BORIS JOHNSON is on his way to Iran this weekend in a bid to secure the release of jailed British-Iranian mum Nazanin Zaghari-Ratcliffe following pressure from campaigners.
Ms Zaghari-Ratcliffe is serving a five-year sentence for allegedly plotting to overthrow the Tehran government. She denies the charges.
In 2016, she was arrested in Tehran while visiting her parents with her baby daughter Gabriella.
Reports have suggested she could appear in court again on Sunday, relating to a second set of charges which could see her sentenced increased by five years.
The charges follow Mr Johnson’s gaffe last month, when he told a parliamentary committee that she had been in Iran “training journalists.”
Although the Foreign Secretary denied his error related to the charges, Iranian state television used his claim as justification for imprisoning her.
Tehran does not recognise her dual British-Iranian citizenship and refuses to give British consular officials access to her, making a prison visit for Mr Johnson unlikely.
Hers is one of a small number of cases of dual nationals whose release Britain is seeking on humanitarian grounds.
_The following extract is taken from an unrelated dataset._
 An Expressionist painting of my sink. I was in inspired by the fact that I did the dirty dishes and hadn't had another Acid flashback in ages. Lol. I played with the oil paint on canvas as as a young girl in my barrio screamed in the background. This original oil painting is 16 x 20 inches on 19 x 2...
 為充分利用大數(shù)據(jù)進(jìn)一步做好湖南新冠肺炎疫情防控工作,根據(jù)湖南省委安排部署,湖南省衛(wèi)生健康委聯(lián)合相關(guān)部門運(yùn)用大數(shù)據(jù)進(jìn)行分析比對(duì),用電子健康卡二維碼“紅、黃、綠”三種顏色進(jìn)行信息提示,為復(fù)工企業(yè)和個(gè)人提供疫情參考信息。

The Foreign Office has declined to name the other individuals involved, or even identify the number of them in jail, after their families asked for their cases to remain anonymous.
Amnesty International UK director Kate Allen, who has campaigned for Ms Zaghari-Ratcliffe’s release, said: “We’re cautiously hopeful that this could be the light at the end of the tunnel.
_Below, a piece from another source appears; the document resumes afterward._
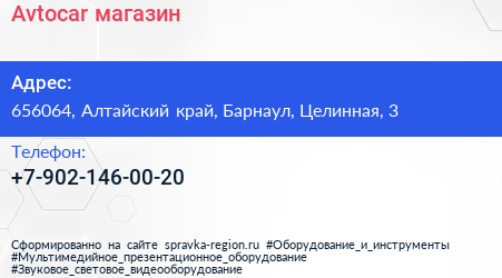 Avtocar, магазин по адресу 656064, Алтайский край, Барнаул, Целинная, 3 в дальнейшем Организация, размещена в следующих категориях:

“As we’ve been saying over and over, she is a charity worker who’s been sentenced to five years after enduring solitary confinement and a deeply unfair trial.
“We fervently hope the Foreign Secretary’s visit can secure her speedy release but, if it doesn’t, we’ll go on campaigning.
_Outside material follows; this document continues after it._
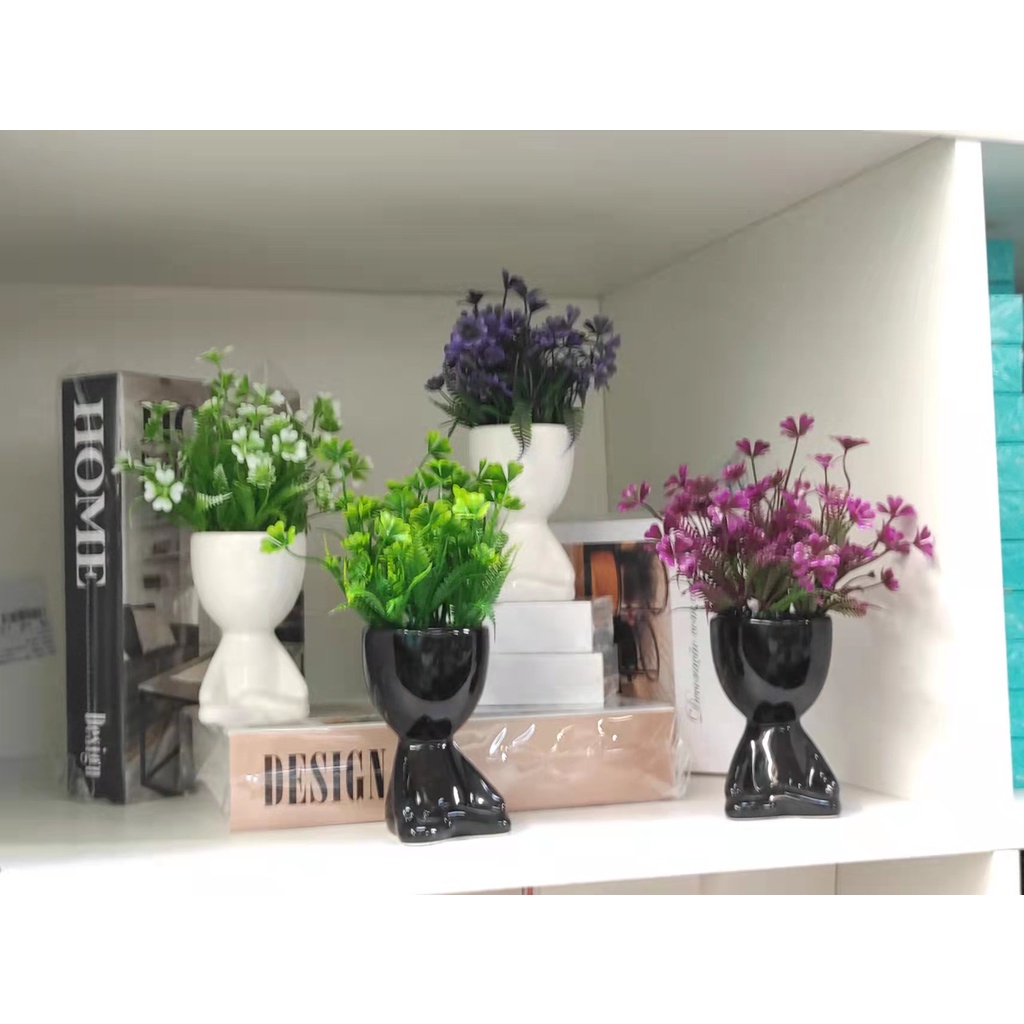 kit 3 Vaso Mini planta Artificial Folhagem Vasinho Arranjo Plantinha Planta Decorativo Quadrado Branco

“This is a gross injustice and it must be set right.”
Iran is also likely to raise the £400 million compensation it’s owed for the non-delivery of tanks ordered by the pre-revolutionary regime in 1979. The cash has already been deposited with a court for payment.
The Foreign Office has always stressed that the payment of the money is not linked to the cases of Ms Zaghari-Ratcliffe and other imprisoned dual nationals.
However, a prisoner exchange in January 2016 that freed four US-Iranians also saw the US pay Iran $400m the same day for undelivered military equipment.
Some US politicians have criticised it as a ransom payment.